Vision Services Readiness Assessment, 2020 – a short questionnaire for health centers to assess their readiness to start an eye health and vision care program. Assessment results include resources such as a vision equipment cost calculator

The National Eye Institute’s National Eye Health Education Programan extensive library of patient education resources and tools in different languages

Integrating Eye Services into Primary Care, 2021 developed by Prevent Blindness, this resource includes recommendations and a sample business plan for health centers.

American Optometric Association’s Business Model – this tool walks health centers through how to create a business model when starting up an eye and vision care program.

Optometry in Health Centers Budget and Equipment List –  this resource provides a list of equipment necessary for starting up an eye and vision care program and includes cost estimates.  Available in both pdf and spreadsheet.

Looking for more info about ACU’s programs or sponsorship opportunities? Please contact ACU’s Program Director, Luke Ertle.

Past Work: Health Center Grants

Mobile Vision Clinics

Since 2017, ACU has partnered with schools and health centers to provide over 3500 vision exams through mobile vision clinics. Over 56% of the people who had an examination at a mobile vision clinic needed prescription glasses which were provided in the days following the events.

Startup and Expansion Grants for Permanent Eye Health and Vision Clinics

The provision of on-site, comprehensive eye and vision care speaks directly to the mission of health centers to provide primary, preventive health care services. As such ACU provides small grants to federally qualified health centers (FQHCs) and look-alikes to support the costs of vision equipment and supplies. Since 2018, ACU has assisted twenty-nine FQHCs in establishing and expanding permanent eye health and vision care programs.

A 2021 grantee of the program, PrimaryOne Health in Columbus, Ohio, used funds to support the purchase of an optical coherence tomography (OCT) machine for their East Main Street location.
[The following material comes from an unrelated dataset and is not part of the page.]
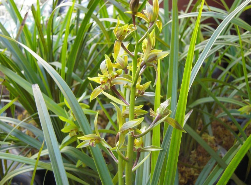 叶鞘,常多个假鳞茎连在一起,成排同时存在。叶线形或剑形,革质,直立或下垂,花单生或成总状花序,花梗上着生多数苞片。花两性,具芳香。花冠由3枚萼片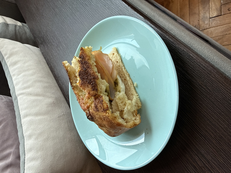 A partially consumed sandwich rests on a light turquoise ceramic plate, centered on a dark brown, textured table surface. The sandwich is constructed from a piece of focaccia-style bread, featuring a golden-brown crust, and is filled with layers of light pink sliced deli meat (likely turkey or ham), a slice of white mozzarella or similar soft cheese, and a green pesto spread. A visible bite has been taken from one end of the sandwich. In the background, behind the table, a light beige cushion with a light grey trim is visible, with a secondary purple-grey cushion partially obscured further back. To the lower right, a segment of a wooden floor with a herringbone parquet pattern is present. No individuals or active interactions are visible in the scene. The location is an indoor setting in Kazanlak, Bulgaria.

This machine is currently being used to diagnose and help treat individuals with glaucoma and retinal diseases like age-related macular degeneration and diabetic eye disease. It has expanded and enhanced their ability to provide comprehensive care for their vulnerable patient population of individuals from communities disproportionately impacted by these issues.
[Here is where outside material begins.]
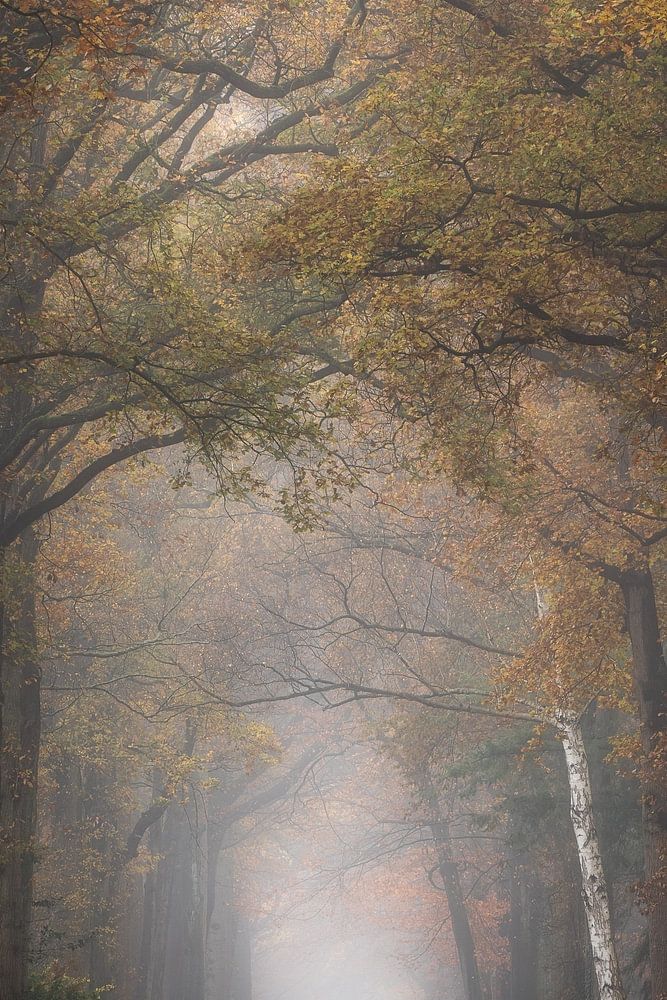 The old familiar road near the Mastbos in Breda, has a nice specific image during foggy days and the autumn season.

“Having to refer our patients to another site meant that we were sometimes exacerbating the transportation, scheduling, and/or financial barriers faced by the patients. In the area served by the site, nearly 33% of the population is considered low income, and 59.2% of the population is at or below 138% of the federal poverty line and/or uninsured. Referring our patients elsewhere would significantly decrease the likelihood that our patients would go on to receive the follow-up care they need at a price they could afford. By providing low-cost vision care services to our patients, we can ensure that they have access to quality eye care, regardless of their ability to pay.”